The corporation Pryor tried to fight, Waste Control Specialists LLC, owned by Dallas billionaire and major Republican donor Harold Simmons, has spent the last 20 years pulling political, business, and regulatory strings to do what no other company in the nation has been able to do in three decades: license and build a new radioactive waste dump. Waste Control has lobbied successfully for a change in state law to privatize radioactive waste disposal, muscled out more experienced competitors, beaten back environmentalists and anti-nuclear activists, and—perhaps most remarkably—turned the majority of Andrews’ citizens into the dump’s fiercest boosters.
The company now has in hand—a technicality or two notwithstanding—two licenses to bury about 60 million cubic feet of low-level radioactive waste at a site near the Texas-New Mexico line 30 miles west of Andrews. Much of the waste will be radioactive for millions of years; projected profits have been estimated in the billions…………………………..Waste Control prevailed. In 2003, after several failed attempts, the company finally convinced the Texas Legislature, lubricated by campaign contributions and a team of lobbyists, to change state law to allow a private outfit to handle radioactive waste.

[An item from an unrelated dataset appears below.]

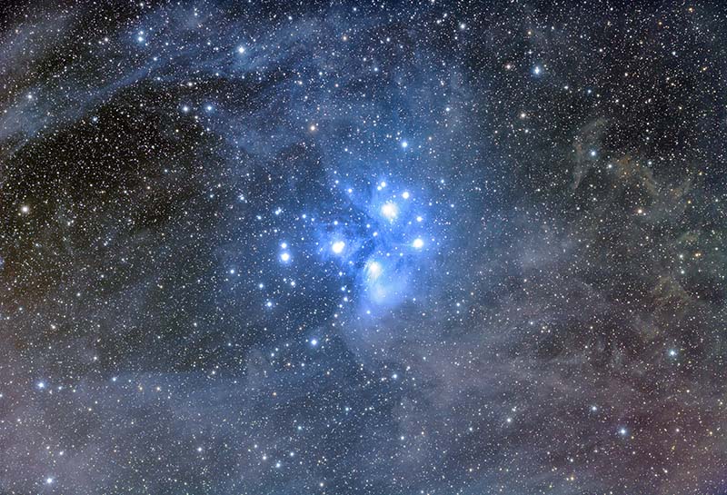 プレアデス星団はメシエカタログでM45、和名をすばるといい、「星はすばる」といわれるほど有名なおうし座にある散開星団です。肉眼でも5–7個、双眼鏡では60~70個確認できる約150個もの恒星の集団です。星団を構成する星は約6千万-1億歳と若いため青白く(高温の)輝き、また周囲に広がる星間ガスが青白く見えるのは、星間ガスが星団の光を反射しているためと考えられています。
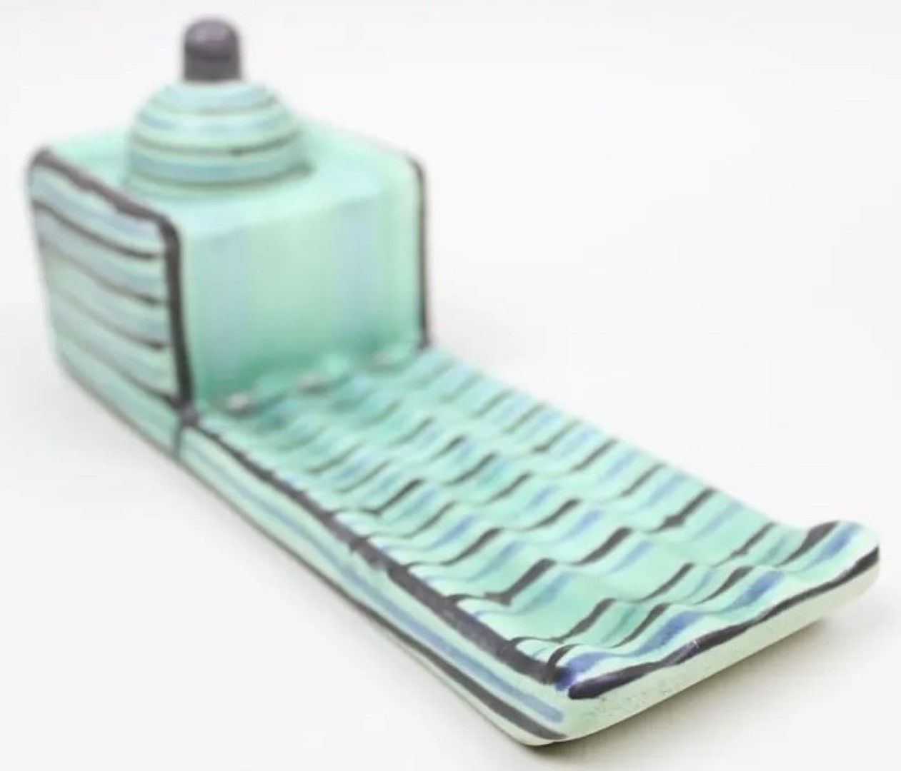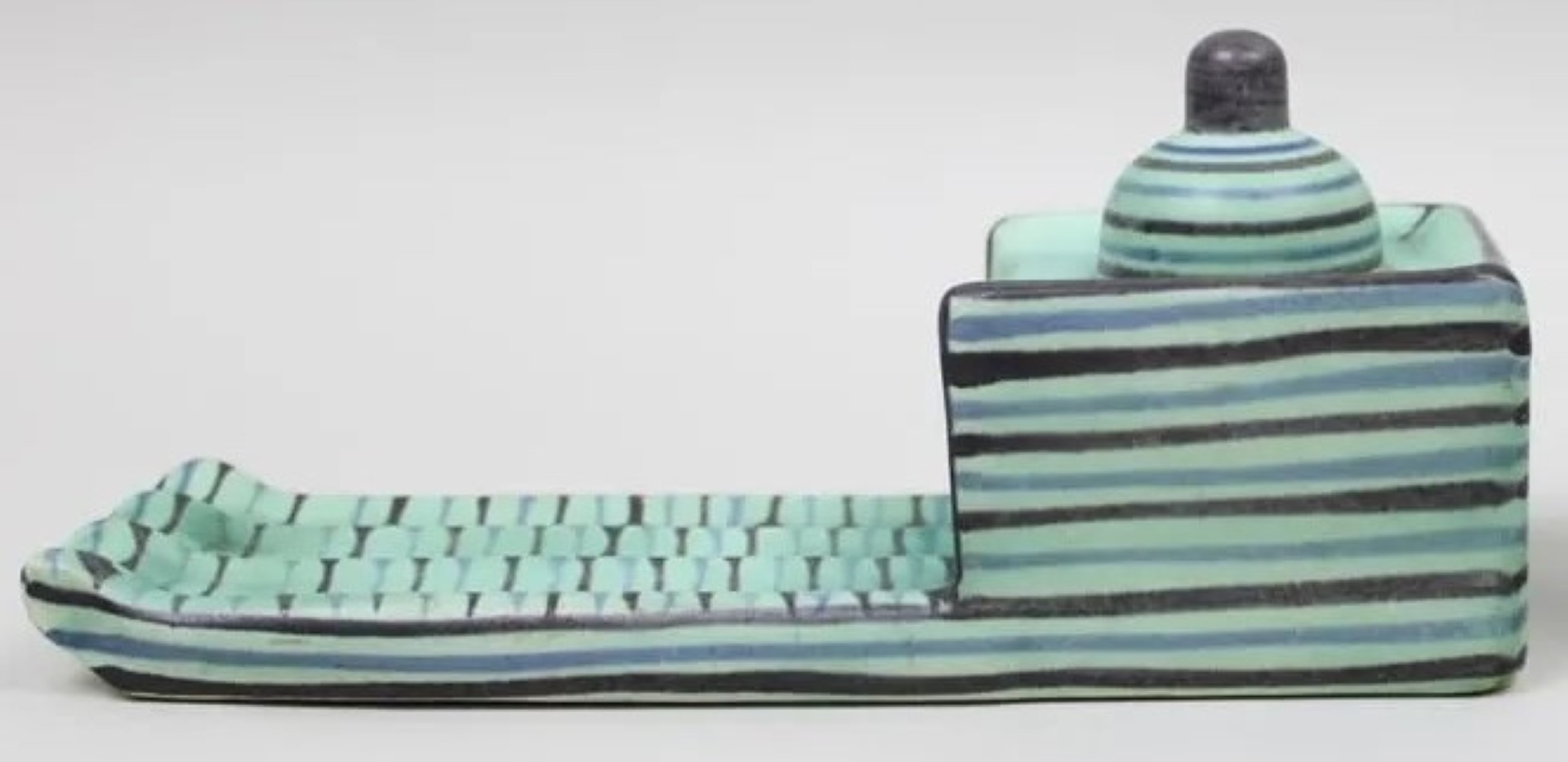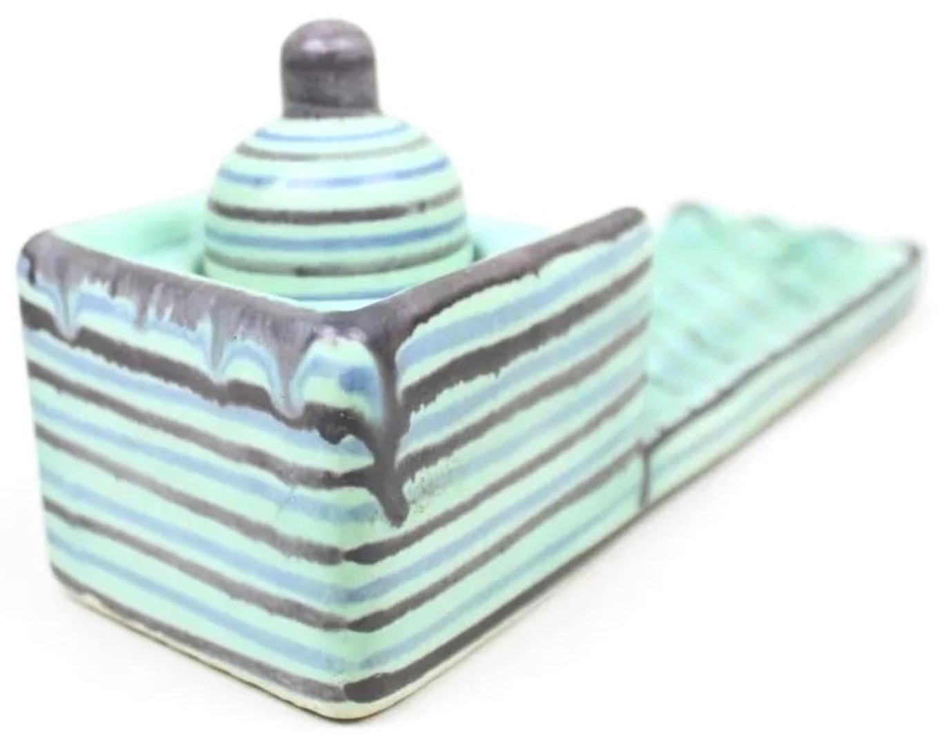 An elongated tray with grooves for pens is attached to an inkwell with a separate lid. This turquoise inkstand is decorated with a pattern of irregular black and blue stripes. The underside is marked “Germany” and has an unidentified mark.

With that accomplished, Waste Control spent the next five years navigating an environmental and safety review by the Texas Commission on Environmental Quality that Waste Control President Rod Baltzer calls “one of the most rigorous reviews in the history of mankind.”That process is now almost complete. Andrews is on its way to becoming the nation’s preeminent radioactive waste destination. Still, the company is chafing at the limitations imposed by the disposal licenses.
For Pryor, the idea of letting a for-profit company handle, transport, and bury waste that will remain dangerous for tens of thousands of years is crazy at best. State engineers and geologists largely agree. (See “Good to Glow,” April 4, 2008) They’ve publicly predicted the landfill will contaminate groundwater and pose unacceptable risks to residents. At least three state experts have quit the environmental commission in the past two years to protest what they see as politically motivated fast-tracking of Waste Control’s licenses.